Copy each line of the listing below exactly and drop the images.

Recorded information |
►

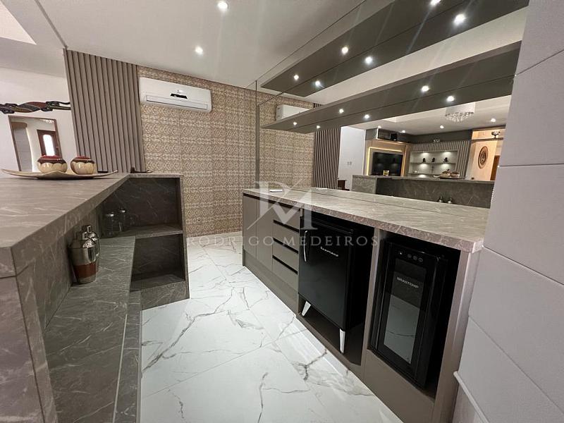 Na área externa, o espaço gourmet com churrasqueira convida a momentos de celebração ao lado da piscina, rodeada por paisagismo bem cuidado. O imóvel está completamente mobiliado, decorado e equipado — pronto para uso imediato.
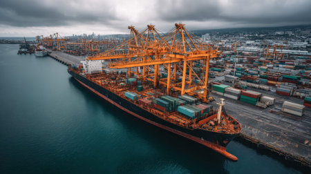 A dramatic aerial view showcasing a large container ship moored at a busy port, surrounded by cranes and numerous freight containers under a cloudy sky, highlighting the maritime industry.
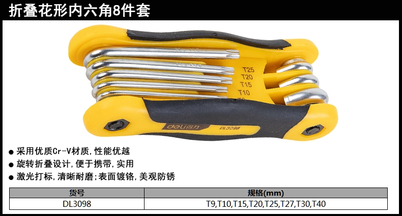 折叠花型内六角组套8件套包胶款(银)(套);DL3098

◄

Solution below |
 Na área externa, o espaço gourmet com churrasqueira convida a momentos de celebração ao lado da piscina, rodeada por paisagismo bem cuidado. O imóvel está completamente mobiliado, decorado e equipado — pronto para uso imediato.
 A dramatic aerial view showcasing a large container ship moored at a busy port, surrounded by cranes and numerous freight containers under a cloudy sky, highlighting the maritime industry.
 折叠花型内六角组套8件套包胶款(银)(套);DL3098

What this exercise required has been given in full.